# Tow weight limits & Goosenecks



## Joe4d (Sep 1, 2011)

stop reading articles and making this way more complicated than it is. Every single truck manufacturer publishes a towing guide, look up that towing guide for your specific vehicle and it will tell you exactly what it can tow conventional and goose/fifth wheel. DOnt worry about all the gvs gr.s gwwwcs. 
Do you look at any of that to see how many people you can carry ? While techincally it matters, in practice it doesnt. Just look at the OEM tow guide and stay below those numbers, the more below the better. GVWR is about suspension weight, not towing capacity. other than the actual weight on the hitch.


----------



## Darrin (Jul 11, 2011)

Your GAWR is how much each axle of your pickup is rated for and not suppose to be exceeded.

GCVW is the combined weight of trailer and pickup, generally for a 3/4 and 1 tons it is not to exceed 20,000#. People over load them all the time though and at least in my state we are not required to pull into weigh stations. I believe quite a few states do require this. Then you get into Joe's table of what your vehicle is rated to tow which can be less then the 20,000# for your 3/4 ton.

Trailers mostly carry a lot of their own weight on their own axles which also have a rating which can be found on the plaque mounted to it. Careful here as a lot of trailers have axles that are not heavy duty enough. I prefer axles that can carry more then how many horses it is rated to carry, tack and weight of trailer. Many of them can't when you look at their axle ratings. As an example, I have a 3 horse trailer that weights 2500# empyt. Put in 3 horses at ~1200 + tack/gear at ~300# and a 30 gallon water tank for 240# which puts my over all weight at ~6700#. My axles are rated to carry 3750#/each or 7500#. At the same time I bought mine there were 3 horse slant loads on the lot that were rated as low as 5000# and as high as my 7500#. That's why you need to be careful.
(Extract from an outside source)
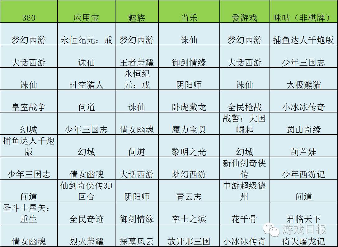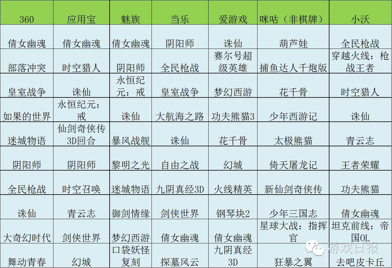 《诛仙》成为唯一一款在网游收入榜出现5次的产品,并在当乐拿下榜首位置。网易西游双雄强势不减,《梦幻西游》和《大话西游》分别在榜单中出现4次和3次,前者更是豪夺360、魅族和爱游戏3家渠道榜首位置。经典卡牌《小冰冰传奇》强势归来,在榜单中出现2次。

Trailers do put some of it's weight on the pickup. Bumper pulls but it all on the rear axle unless you use an equalizer hitch. Goose necks will put weight on both axles so distributes it's weight better. This is why you can haul more in a goose neck.


----------



## BigGirlsRideWarmbloods (Mar 28, 2010)

The only tow Guide I could find from Chevy & GM was very generic:
http://www.gmfleet.com/pdf/trailering.pdf

And says:
_*Gross Vehicle Weight Rating (GVWR)* is the maximum number of
pounds a tow vehicle may weigh. Everything that contributes to the
weight of the tow vehicle is calculated in this rating, including the weight
of the vehicle, driver and all passengers, fuel, payload, trailer tongue
weight, hitch weight and all optional equipment. The GVWR is displayed
on the driver’s door or door-lock pillar label of your vehicle._

I even went so far as to contacting the publishing house for ordering original repair manuals but they don't have a specific tow guides. Mostly wiring diagrams and engine schematics.



Joe4d said:


> stop reading articles and making this way more complicated than it is. Every single truck manufacturer publishes a towing guide, look up that towing guide for your specific vehicle and it will tell you exactly what it can tow conventional and goose/fifth wheel. DOnt worry about all the gvs gr.s gwwwcs.
> Do you look at any of that to see how many people you can carry ? While techincally it matters, in practice it doesnt. Just look at the OEM tow guide and stay below those numbers, the more below the better. GVWR is about suspension weight, not towing capacity. other than the actual weight on the hitch.


----------



## Darrin (Jul 11, 2011)

Your axles are rated for 7,200# and 3,800# for a GVWR of 11,000#. Unfortunately your actual tow rating depends on exactly how your vehicle is equiped but with your axles I'm willing to bet it is 9,000# tow rating for a total of vehicle and trailer weight (GCVW) maximum of 20,000#.


----------



## gunslinger (Sep 17, 2011)

I'd ask your insurance agent how much you can tow and still be covered.


----------



## azwantapaint (Feb 5, 2012)

For what its worth, my girlfriend's truck is an F250, similar construction to yours, rated for 18K#.
My F350 is rated for 21K#, but i am limited to 18K as well, due to USDOT regs.
If i scale over 26K, i am required by law to have a CDL, because my truck has commercial signage as well as being owned by a business. Makes things a little fuzzy, but thats what the DMV told me.
A 2000# trailer plus a 1000# horse, gear, etc, on a 3/4 ton is a walk in the park.
I would, however, be concerned with tongue weight. Load it too much forward, and you'll have problems.
Load it too far back, and you'll get wag, which can be lethal.
I have both gooseneck and bumper pull hitches on my truck.
I use the goose whenever i can, as i find it easier to maneuver in tight quarters, and it tends to ride better in general, with the bulk of the weight distributed onto the rear axle makes for a smooth ride.


----------